Soğuk Savaş sonrası dönemde kurulan tek merkezli küresel düzen fiilen sona ermiştir. Amerika Birleşik Devletleri askerî ve finansal kapasite bakımından hâlâ güçlüdür; ancak bu güç artık düzen kurucu değil, hasar sınırlayıcı bir nitelik taşımaktadır. Venezuela ile süregelen gerilim bunun açık örneğidir. Yaptırımlar rejimi dönüştürmemiş, yalnızca yoksulluğu derinleştirmiştir. ABD’nin Latin Amerika üzerindeki tarihsel hegemonyası artık ideolojik değil, ekonomik ve jeopolitik sınırlarına çarpmaktadır.
Buradan çıkarılması gereken ders nettir: Emperyal müdahaleler demokrasi getirmez. Getirdikleri şey daha fazla borç, daha fazla bağımlılık ve daha kalıcı eşitsizliktir. Bugün “istikrar” diye pazarlanan küresel düzen, aslında eşitsizliğin istikrarıdır.

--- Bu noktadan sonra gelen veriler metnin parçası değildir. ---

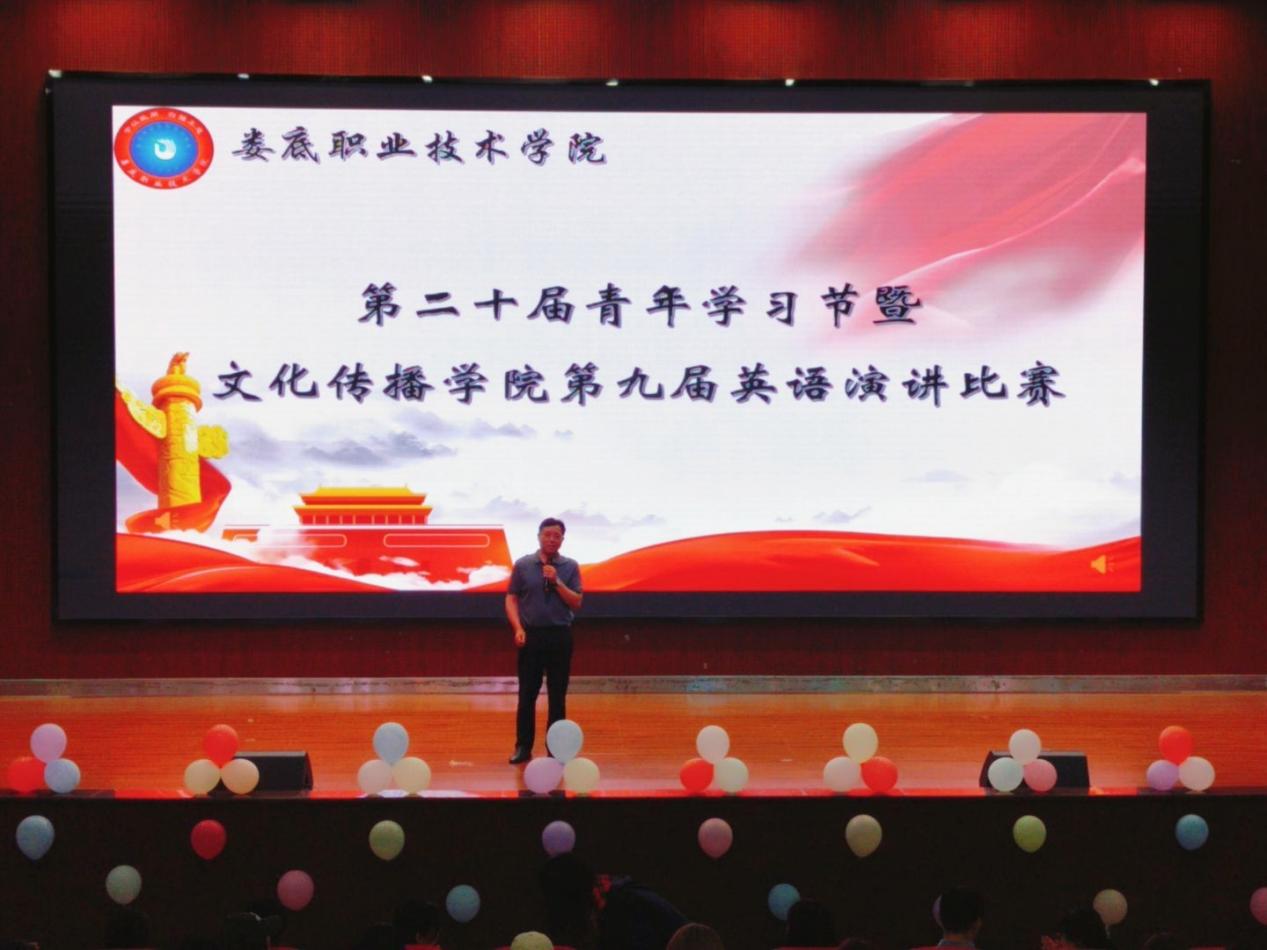 大赛正式开始前,刘书记上台致辞,他首先表达了对参与此次比赛的老师和同学表示感谢,并对通过初赛、复赛最后进入决赛的同学表示肯定。刘书记还提到英语不仅是交流工具,更是思维方式和文化的载体。本次比赛旨在为同学们提供展示自我的舞台,希望大家以语言为桥梁,传递中国青年的思考与担当。最后刘书记预祝本次英语演讲比赛圆满成功!

Avrupa cephesinde Rusya-Ukrayna savaşı 2026 itibarıyla kalıcı bir “donmuş çatışma” karakteri kazanmıştır. Mutlak bir askerî zafer ihtimali fiilen ortadan kalkmıştır. Ancak savaş bitmediği gibi, bedeli de giderek Avrupa toplumlarının sırtına yüklenmektedir. Savunma harcamalarının artması, enerji maliyetlerinin yükselmesi ve enflasyonun kronikleşmesi, refah devleti modelinin sessiz ama sistematik biçimde tasfiye edildiğini göstermektedir.
Cephede ilerleme yoktur ama kemer sıkma politikaları hız kesmeden ilerlemektedir. Tanklar değil, sosyal haklar geri çekilmektedir. Avrupa’daki bu tablo, bize şunu hatırlatır: Savaşların faturası her zaman silah şirketleri tarafından değil, emekçiler tarafından ödenir.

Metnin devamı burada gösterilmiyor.